Q3) Check the SKEWNESS of the VARIABLE 2 histogram. In your opinion, does the histogram look symmetrical, positively skewed, or negatively skewed?

The histogram appears to be positively skewed.

Q4) Check the KUROTSIS of the VARIABLE 2 histogram. In your opinion, does the histogram look too flat, too tall, or does it have a proper bell curve?

Histogram appears to be too tall.

SHAPIRO-WILK TEST

shapiro.test(A6R2$SatisfactionScore[A6R2$ServiceType == "Human"])

## 
##  Shapiro-Wilk normality test
## 
## data:  A6R2$SatisfactionScore[A6R2$ServiceType == "Human"]
## W = 0.93741, p-value = 0.0001344

shapiro.test(A6R2$SatisfactionScore[A6R2$ServiceType == "AI"])

## 
##  Shapiro-Wilk normality test
## 
## data:  A6R2$SatisfactionScore[A6R2$ServiceType == "AI"]
## W = 0.91143, p-value = 5.083e-06

QUESTIONs

Was the data normally distributed for Variable 1?

Data is NOT normally distributed.

Was the data normally distributed for Variable 2?

Data is NOT normally distributed.

library(ggplot2)
library(ggpubr)

BOXPLOT

ggboxplot(A6R2, x = "ServiceType", y = "SatisfactionScore",
          color = "ServiceType",
          palette = "jco",
          add = "jitter")

QUESTIONs

Q1) Were there any dots outside of the boxplot?
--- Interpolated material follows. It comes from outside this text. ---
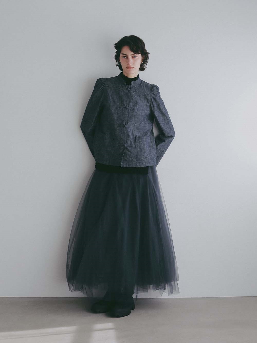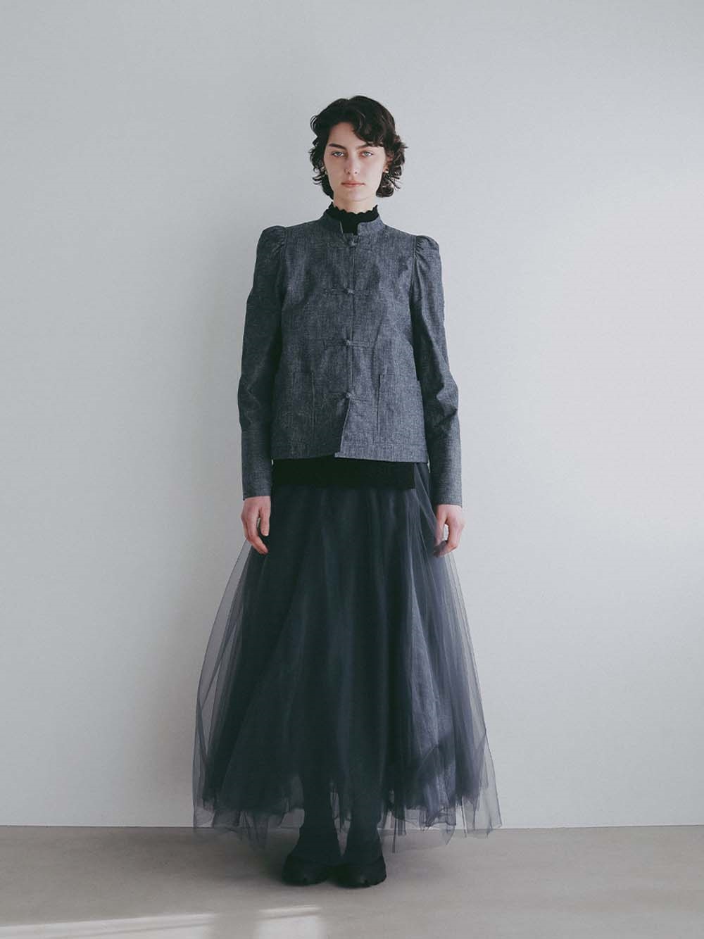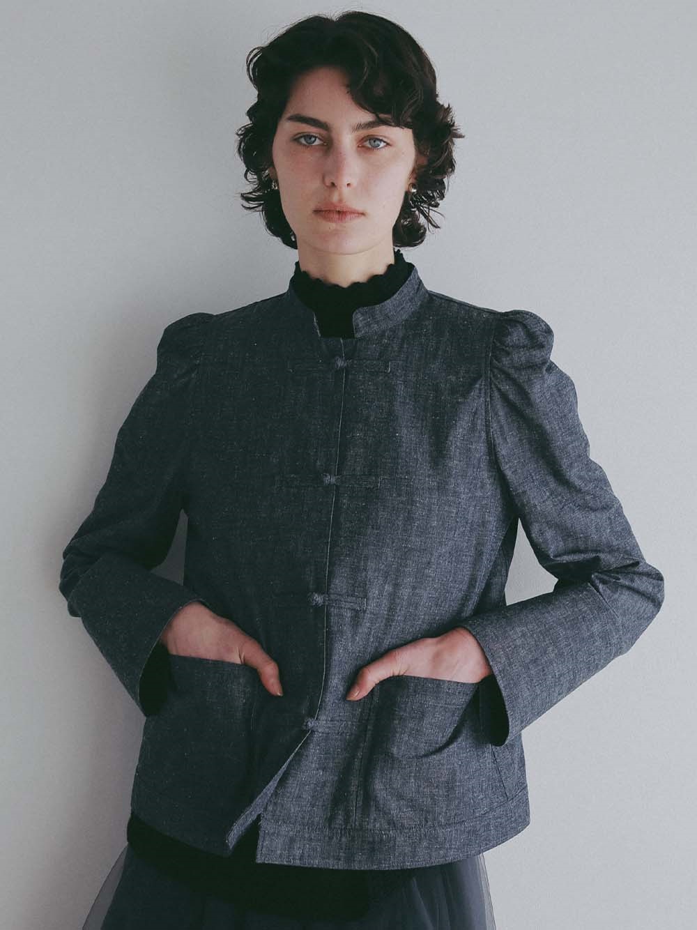 適度にハリのあるコットンリネンを使用したチャイナブラウス。

Are these dots close to the whiskers of the boxplot or are they very far away?

There are many dots and they are very far away from the whiskers, so switched to Mann Whitney U test.

MANN-WHITNEY U TEST

wilcox.test(SatisfactionScore ~ ServiceType, data = A6R2, exact = FALSE)

## 
##  Wilcoxon rank sum test with continuity correction
## 
## data:  SatisfactionScore by ServiceType
## W = 497, p-value < 2.2e-16
## alternative hypothesis: true location shift is not equal to 0

library(effectsize)

EFFECT SIZE (R VALUE)

rank_biserial(SatisfactionScore ~ ServiceType, data = A6R2, exact = FALSE)

## r (rank biserial) |         95% CI
## ----------------------------------
## -0.90             | [-0.93, -0.87]

QUESTIONS

Q1) What is the size of the effect?

A rank-biserial correlation of - 0.90 indicates the difference between the groups was large

Q2) Which group had the higher average rank?
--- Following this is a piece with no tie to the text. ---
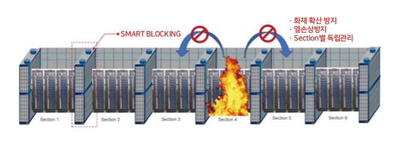 - 배터리 자체 모듈 및 셀의 화재 안전 시스템
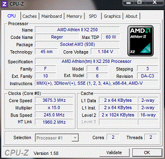 | Процессор (ядро) | AMD Athlon II X2 (Regor) |

The human agents served group has higher average value.

Final Report

A Mann-Whitney U test was conducted to test whether customer satisfaction scores differ for customers(n=126) between those served by human agents versus those served by an AI chatbot.Customers who were served by human agents had significantly higher median scores (Mdn = 8) than those served by AI agents (Mdn = 3).The effect size was large (r = - 0.90), indicating a meaningful difference between those served by Human Agents than those of AI agent.Overall, The customer satisfaction was higher for those customers who were served by human agents.